Following the completion of the Dounreay Nuclear Power Development Establishment in 1954, the Board Member for Engineering and Production at the UK Atomic Energy Authority, Sir Christopher Hinton, used the town hall to give a lecture, which extolled the peaceful uses of atomic energy, in January 1955. Other visitors included the Queen Elizabeth II, accompanied by the Duke of Edinburgh, who arrived at the town hall in June 1964. The town hall continued to serve as the headquarters of the burgh council for much of the 20th century but ceased to be local seat of government after the enlarged Caithness District Council was formed in 1975. A public inquiry was held in the town hall, to consider government proposals to build a European Demonstration Fast Nuclear Reprocessing Plant at Dounreay, in 1986. After the library service relocated from the Carnegie library building to the old Miller Academy building in Davidson's Lane, the Carnegie library building was then converted for use as the "Thurso Heritage Museum".

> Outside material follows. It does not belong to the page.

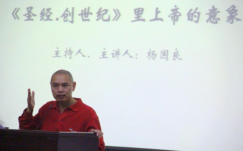 2012年12月9日,2号教学楼108室,晚上八点整,杨国良教授手持金黄丝绸包裹的《圣经》,缓步走入教室,向在场听众深鞠一躬。随后,由艺术公司曹量老师指导的付美美等四位同学演奏的三重奏“莫扎特钢琴作品478号”悠然响起,四位演奏者身穿黑白长裙,风度优雅,灵动美妙的音符从钢琴、大中小提琴中飘洒出来,交织、融合在一起。 “儿子10岁那年,一天晚上,他做了一个梦。在杨家老宅,走入地下室,里面非常开阔,室中央摆着一个箱子,他很好奇,走过去打开箱子,发现里面装着木炭,将木炭移走,看到了丝绸,翻开丝绸,里面又有一个木箱,打开后又见木炭,如是者三次。最后,木箱里赫然放着一本《圣经》。翻开,发现里面是竖版的汉字《圣经》,可读着读着,字就消失了。他非常害怕,赶快将书合上,认真将一切恢复原位,怀着忐忑不安的心情走出了老宅。第二天早晨,他将梦告诉了我。我立刻就把这个梦记录下来,直到今天,梦的内容依然清晰如昨。我想,这个梦会刻在我心里最深的地方,一生难忘。”东方经典系列讲座主持人,本场主讲杨国良教授生动、蕴含神秘色彩的开场将听者领入到一个饱含生命感动、静穆的殿堂。 杨教授讲到,《圣经》最早的汉译本可能出现在盛唐,此论可考据于唐代“景教碑”。之后,《圣经》与中国历代皇帝、大臣及平民的关系愈加密切。一个伟大事实就是:《圣经》是中国现在文学史上伟大作家们的“奶娘”!从“日读Bible”的胡适、喜获《圣经》白话文全译本并立刻拿与弟弟分享的鲁迅,到读着《圣经》长大的冰心、父亲是乡村教士的林语堂、主动受洗的老舍、伟大剧作家曹禺……,都受到《圣经》极大的滋养。现在备受人们尊敬的杨绛先生,100岁接受《新民晚报.读书笔会》采访时说:“……我现在已经封笔,剩下的日子,我要清洗身上的污秽,干干净净地去见我的上帝。”杨绛先生心中有一个属于她的纯净、美丽的上帝意象。对于有着六十六卷本的《圣经》,杨教授仅将此次讲座的题目限定在其开篇“创世纪”中,主要讲述推出人类超级精神读本《圣经》的犹太民族,他们心目中的上帝意象。 影响人类进程、世界上每年印刷数量最多、多个国家的每个法庭、医院和部队都有,美国历届总统竞选、宣誓时不可或缺的《圣经》如何开场?第一个意象是“气势恢宏的上帝”。“太初,上帝创造天地。地是空虚混沌,渊灭黑暗。上帝的灵运行在水面上……”好一幅壮丽而震撼的创世画面!开篇一下就将人们带回太初悠长的岁月,“思接千载”又何足道也?人类的思域跨越亘古,延展至宇宙无限的空间,何其深邃、辽远。我们要感谢犹太民族奉献这样旷绝千古的巨著。读者每一次捧读,都是对心灵的清洗,对灵魂的敲打,对内心围墙的拆除,人生就不会变得可怜、狭隘,而“仰望星空”的康德、“涵养浩然之气”的孟子、上帝最先创造的“光”,都让我们反思“自身是否有天地之大气、茫茫之宇宙是否在心中运行”? 《圣经.创世纪》中上帝的第二个意象是“主动关爱人类的上帝”。有人说《圣经》是“上帝写给人类的情书”,而在《圣经》的开篇中,可以通过上帝两次造人的过程中感受到其对人类的关爱。一是上帝按照他的形象创造男人、女人,并赋予其管理全世界人类的职责,使得人类具有永恒上帝的品质。二是在河流清澈、万物繁茂的伊甸园,上帝用泥土造了亚当,将神灵的气息吹入他的鼻孔,赋予了人类与上帝沟通的媒介;看到亚当感到孤独时,上帝又为他创造了伴侣夏娃。 上帝的第三、第四个意象分别是“严厉、审判的上帝”和“忧伤、愤怒的上帝”。上帝审判偷吃禁果的亚当和夏娃,并惩罚他们分别忍受无尽的劳作及生育之苦;上帝审判该隐杀弟时给予其无限放逐的惩罚。由于人类“自私、推诿、互相残杀”等一切恶毒、卑劣的行为让上帝如此忧伤、因而决定用一场大洪水来毁灭人类。随后发生人类想要造通天的巴别塔时,上帝看到人类的自傲,因而让人类的语言变得混乱。杨教授用生动的语言娓娓道来,结合着人类日常的生活及生动的例子,上帝的这两个意象将深深印在人们的头脑中。

Following the decommissioning of Dounreay, the UK Atomic Energy Authority financed the relocation of the artefacts of the Dounreay Visitor Centre to the town hall. In order to accommodate this, an expanded museum complex, comprising the Carnegie library building and the town hall, was established at a cost of £3.5 million, and was officially re-opened by Duke of Rothesay as "Caithness Horizons" on 3 August 2009. Artefacts placed on display in the expanded museum included the control room from Dounreay Nuclear Power Station, a botanical collection assembled by the naturalist, Robert Dick, and a collection of Pictish stones. After a further refurbishment and a change of management, the museum was rebranded as the "North Coast Visitor Centre" and re-opened again in November 2021.